** Opening Available data block **
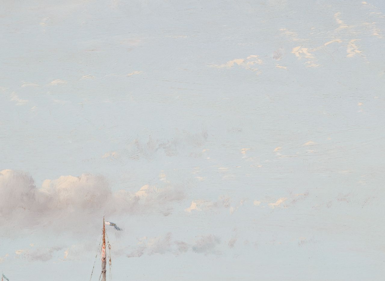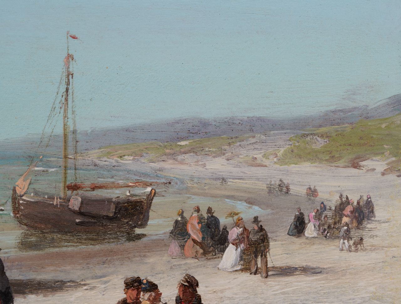 Schelfhout werkte vaak langs de Scheveningse kust en een van de eerste schilders in de 19e eeuw die zich richtte op het Hollandse strandgezicht. Hier introcuceert hij een nieuwigheidje, elegante wandelaars die zich op het strand mengen tussen de visverkopers. Rond die tijd diende zich voorzichtig het recreatieve verpozen in de buitenlucht aan. Schelfhout hield van dit soort contrasten. Het strandgezicht schilderde hij in kleine anekdotes, met groot technisch raffinement uitgewerkt.
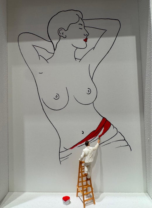 Since 1986 Volker Kuhn combines his inexhaustible creativity and his motto "just create it" into art objects: Snapshots on little stages, that put a smile on the viewer's faces. These three-dimensional masterpieces display, perhaps with a little smirk, the scenes of life that we encounter from time to time or showcases homages to great works of art. Volker Kuhns picture language is universally comprehensible, which is one of many reasons why his art has garnered international acclaim. His works are carved out by hand and painted with painstaking accuracy yet with a lightness of touch. As it is, this art in boxes is art to go: unique art collector's items from a collector's hands, whose common denominator is their focus on the pure experience of the thing-in-itself which, entering a contrastive or even antithetical relationship to the symbolic OTHER, develops a strong semantic relationship previously unperceived. Thus exploited to their utmost potential, the showcase scenes always cut right to the chase, they mostly hit the mark, and sometimes they may strike a nerve.
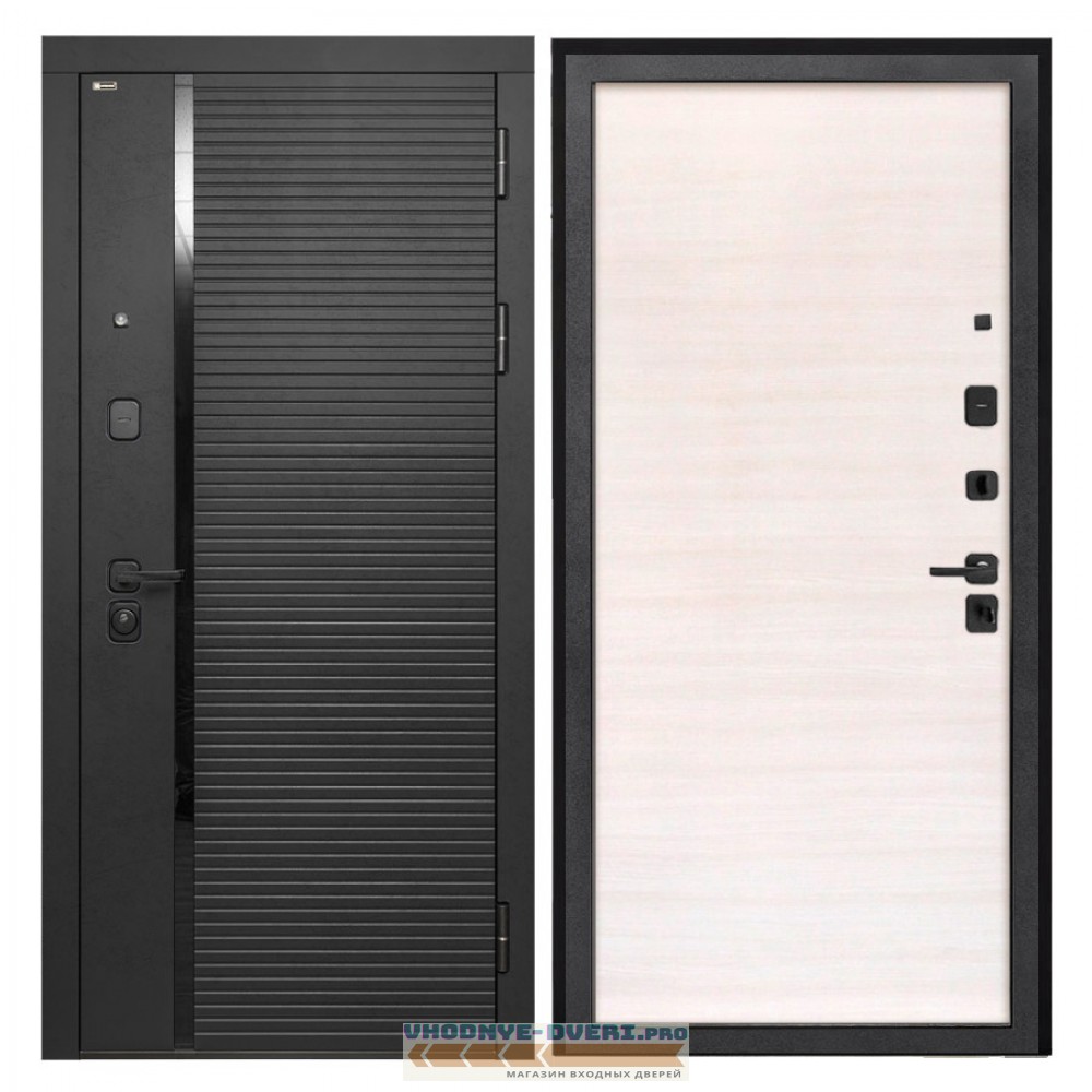 Отделка снаружи — панель МДФ 10 мм, ламин. фрез. мат, цвет «Лофт черный», МДФ наличник прямой, вставка из СТЕКЛА «лакобель черная»
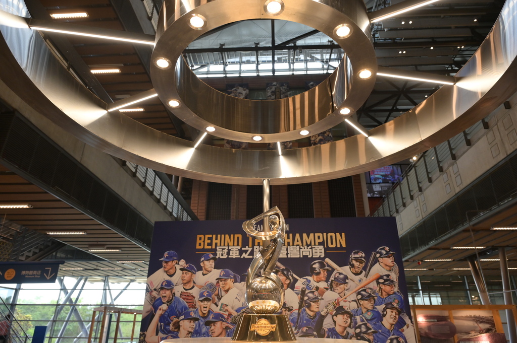▲一走進展場,最先映入眼簾的就是閃耀著光芒的冠軍獎盃,直接陳列在中央區,毫無遮掩地展現它的榮耀與份量。獎盃金光閃閃,在燈光照射下格外耀眼,彷彿正向每位觀眾訴說著臺灣棒球在世界舞台上奪冠的精彩歷程。這樣的開場不只震撼,更瞬間喚起心中那份熱血與驕傲。
** Closing Available data block **
Quote, please, only the lines running from the one with "Отделка снаружи —" down to the final line of the data above, keeping both ends and skipping the pictures.

 Отделка снаружи — панель МДФ 10 мм, ламин. фрез. мат, цвет «Лофт черный», МДФ наличник прямой, вставка из СТЕКЛА «лакобель черная»
▲一走進展場,最先映入眼簾的就是閃耀著光芒的冠軍獎盃,直接陳列在中央區,毫無遮掩地展現它的榮耀與份量。獎盃金光閃閃,在燈光照射下格外耀眼,彷彿正向每位觀眾訴說著臺灣棒球在世界舞台上奪冠的精彩歷程。這樣的開場不只震撼,更瞬間喚起心中那份熱血與驕傲。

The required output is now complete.